Material availability:
The swim caps can be purchased from a sports store.
Safety concerns:

Ensure that all of the participants are confident swimmers and have a life-guard on standby at all times.

Abstract

This experiment was done to investigate if using a swimming cap can help a swimmer swim faster.

Hypothesis

Using the swimming cap will help to increase the speed of the swimmer and he will be able to swim the 100m dash in a shorter time.

Background

The swimming cap

The type of swimsuit a swimmer wears is important. Whether or not a swimmer wears a swimming cap is an important consideration as it affects his performance. A cap protects a swimmer’s hair from the chlorine in the pool. But more importantly, it improves the performance of a swimmer because it reduces the amount of drag/resistance.

There are many designs of swimming caps. Caps come in all sizes and colors. They are normally made of polyester, latex, nylon, silicon or Lycra. Competitive swimmers usually wear latex caps because such caps fit the head snugly. Competitive swimmers who are allergic to latex materials can use silicone swimming caps. Although silicon swimming caps are more expensive than latex ones, they are more durable and last longer.

Some swimming caps come with a chin strap. Such caps are suitable for swimmers who have long hair. Wearing a cap will ensure that their hair does not shift while they swim. Insulated swimming caps should be used when swimming in cold water. Swimming caps help us to maintain our body temperature.
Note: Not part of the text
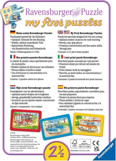 Descoperă bucuria primelor puzzle-uri cu aceste puzzle-uri pentru copii RAVENSBURGER. Setul conține trei imagini a câte șase piese, realizate din carton extra gros pentru mâinile micuților. Susțin motricitatea fină, concentrarea și imaginația și atrag prin drăguțele vehicule de intervenție cu animale la volan.

They reduce fatigue and help prevent us from falling ill.
 

Scientific Terms

Drag, chlorine, latex, polyester, nylon, Lycra

Materials

The materials required for the experiment are as follows:

-    20 swimmers aged 15: 10 boys and 10 girls
-    an olympic size swimming pool
-    20 swimming caps
-    10 stopwatches
-    10 assistants

Procedure

1.    For this experiment, whether the swimmers swim with or without a cap is important, is the independent variable. The dependent variable is the amount of time the swimmers take to swim 100 meters. Measure this using a stopwatch. The constants (control variables) are to be the participants’ age, the distance they are to swim (100m), and the temperature of the water in the pool.

2.    Before the start of the test, participants are to wearing their swimsuit, shower and warm up. Then, they are to start swimming.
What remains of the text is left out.